Lab 03 — Soldering + Population

yes yes soldering

All content Lab 04
Before you start the lab, please take a moment and make sure your most updated files, BOM, and room layout are uploaded to Github/Altium 365/Slack. Basically, turn in assignment 03. We'll be checking them really quick during lab and ordering parts soon-ish.

This lab’s got two parts - some background reading, and the actual lab. Fundamentally we want you to:

  • Know what soldering is
  • Understand how to solder through hole parts
  • Understand how to solder surface mount parts, with a variety of methods
  • Understand how to do so safely!
  • Do some surface mount soldering for a variety of packages!

We won’t be doing any through hole soldering in this lab! This is for a few reasons, namely that:

  • We don’t think it’s that complicated. The ability to solder good through hole connections comes mostly from experience, and we didn’t want to devote a 2-hour lab section to just soldering the same thing over and over.
  • You’ll probably run into through hole soldering on your own at some point, and you’ll build that experience naturally. Heck, you might even already know how.
  • Most boards these days are surface mount, which is more complicated and requires more nuance. The ability to solder good surface mount connections relies on more prior knowledge, and that’s worth communicating in lab.

Background

We attach parts to circuit boards with a process known as soldering, where we melt metal in between parts to connect them together electrically. This is better explained with a .gif than it is words:

Image Courtesy of gifs.com

The metal here is called solder, and it melts as it’s being fed into the joint, which is being heated with the tip of the soldering iron. As we’ve seen before, there’s a metal ring around the hole (called a pad), along with a metal pin that goes through it. We heat both the pin and the pad with the soldering iron, and feed in solder, which melts when it hits the joint. Surface tension takes over here and the molten solder fills the voids, and once it cools, it makes a super solid electrical connection between the pin and pad.

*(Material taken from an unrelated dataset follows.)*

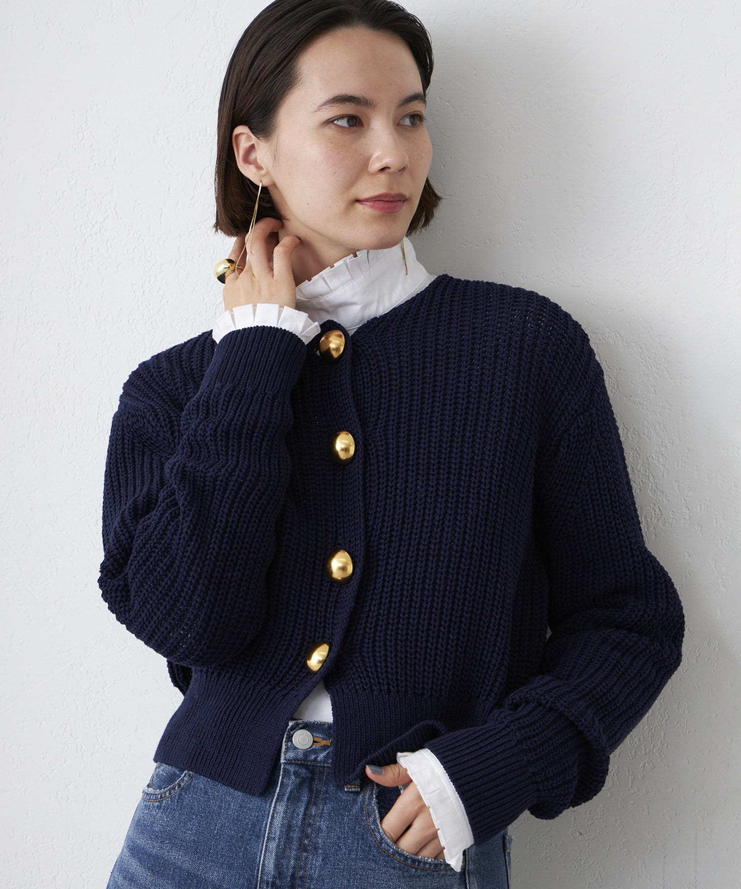 着こなしを印象的に魅せてくれる、金釦付きカーディガン

The process of soldering our parts onto the board is called assembly or population

Flux

It’s also standard to include a gel-like substance in the solder called flux, which is a mild acid that removes the surface oxidation on whatever you’re soldering. This means that you solder to the strong metal your parts are made of, not a super thin and flakey outer layer. It vaporizes during soldering, which activates it and makes a little white smoke that floats away. This stuff isn’t super good for you to breathe in, so be sure to use a fume extractor.

Flux is usually put inside the solder itself - the solder makes a tiny tube that’s filled with flux (kinda like a jelly donut) and this is called rosin-core solder because flux used to be made from rosin. If you need more you can also get some on it’s own as a little paste or gel. Flux does leave some gunky brownish residue though, but that usually comes off with a little isopropyl alcohol.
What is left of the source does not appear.